● The problem:
Here is a block of records. Copy every line in it that includes "unità".

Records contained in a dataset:
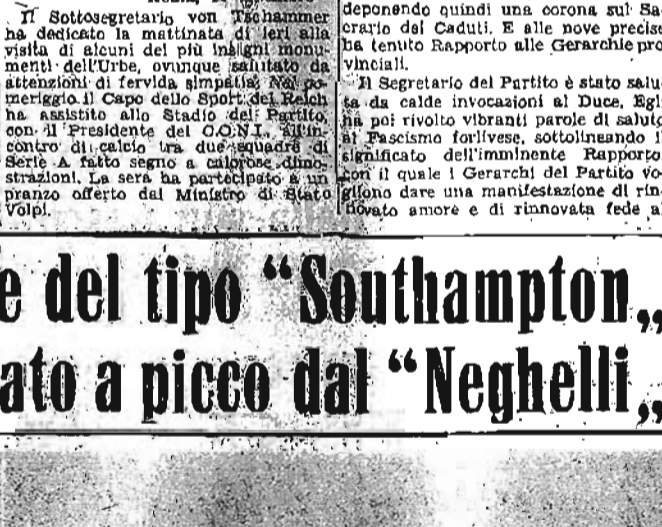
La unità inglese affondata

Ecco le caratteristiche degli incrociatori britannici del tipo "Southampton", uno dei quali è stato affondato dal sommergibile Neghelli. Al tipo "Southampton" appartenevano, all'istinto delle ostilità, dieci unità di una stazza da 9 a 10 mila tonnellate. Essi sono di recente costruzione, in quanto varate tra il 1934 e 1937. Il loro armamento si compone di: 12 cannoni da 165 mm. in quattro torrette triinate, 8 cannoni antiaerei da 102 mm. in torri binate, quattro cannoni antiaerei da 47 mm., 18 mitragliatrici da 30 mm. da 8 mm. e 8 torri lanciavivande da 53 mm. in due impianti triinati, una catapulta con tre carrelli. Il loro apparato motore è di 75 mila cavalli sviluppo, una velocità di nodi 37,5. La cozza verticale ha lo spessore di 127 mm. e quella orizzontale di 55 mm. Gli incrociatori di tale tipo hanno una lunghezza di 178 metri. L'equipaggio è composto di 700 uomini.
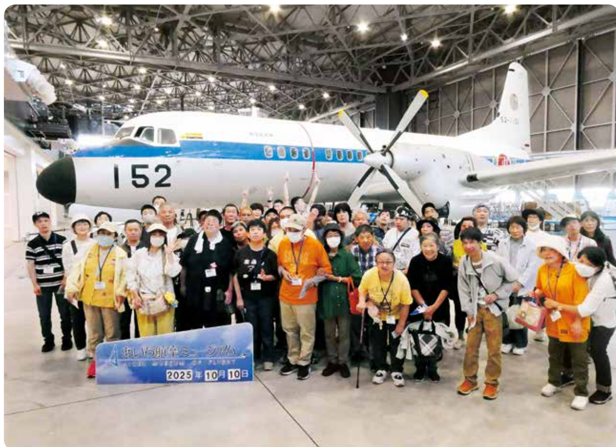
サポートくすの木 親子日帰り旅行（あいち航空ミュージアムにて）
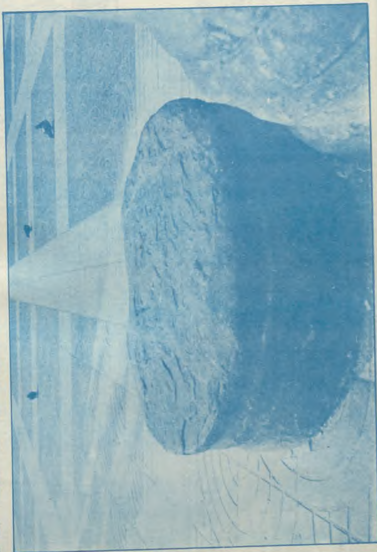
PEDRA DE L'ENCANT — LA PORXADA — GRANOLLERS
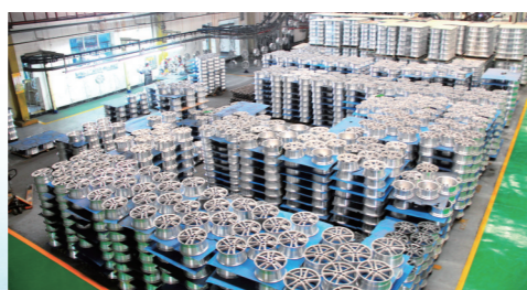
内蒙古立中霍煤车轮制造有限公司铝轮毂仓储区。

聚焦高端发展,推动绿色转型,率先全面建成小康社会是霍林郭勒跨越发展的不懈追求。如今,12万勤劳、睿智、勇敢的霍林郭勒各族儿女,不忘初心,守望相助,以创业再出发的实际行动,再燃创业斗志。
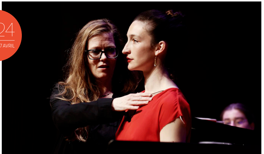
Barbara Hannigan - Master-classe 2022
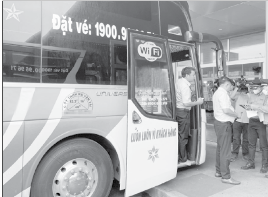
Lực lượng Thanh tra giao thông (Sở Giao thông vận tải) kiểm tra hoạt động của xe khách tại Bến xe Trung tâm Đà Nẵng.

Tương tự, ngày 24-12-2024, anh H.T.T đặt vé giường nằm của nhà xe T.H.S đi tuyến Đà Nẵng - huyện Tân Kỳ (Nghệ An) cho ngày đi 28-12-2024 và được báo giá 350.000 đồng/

● Answer space:
La unità inglese affondata
Ecco le caratteristiche degli incrociatori britannici del tipo "Southampton", uno dei quali è stato affondato dal sommergibile Neghelli. Al tipo "Southampton" appartenevano, all'istinto delle ostilità, dieci unità di una stazza da 9 a 10 mila tonnellate. Essi sono di recente costruzione, in quanto varate tra il 1934 e 1937. Il loro armamento si compone di: 12 cannoni da 165 mm. in quattro torrette triinate, 8 cannoni antiaerei da 102 mm. in torri binate, quattro cannoni antiaerei da 47 mm., 18 mitragliatrici da 30 mm. da 8 mm. e 8 torri lanciavivande da 53 mm. in due impianti triinati, una catapulta con tre carrelli. Il loro apparato motore è di 75 mila cavalli sviluppo, una velocità di nodi 37,5. La cozza verticale ha lo spessore di 127 mm. e quella orizzontale di 55 mm. Gli incrociatori di tale tipo hanno una lunghezza di 178 metri. L'equipaggio è composto di 700 uomini.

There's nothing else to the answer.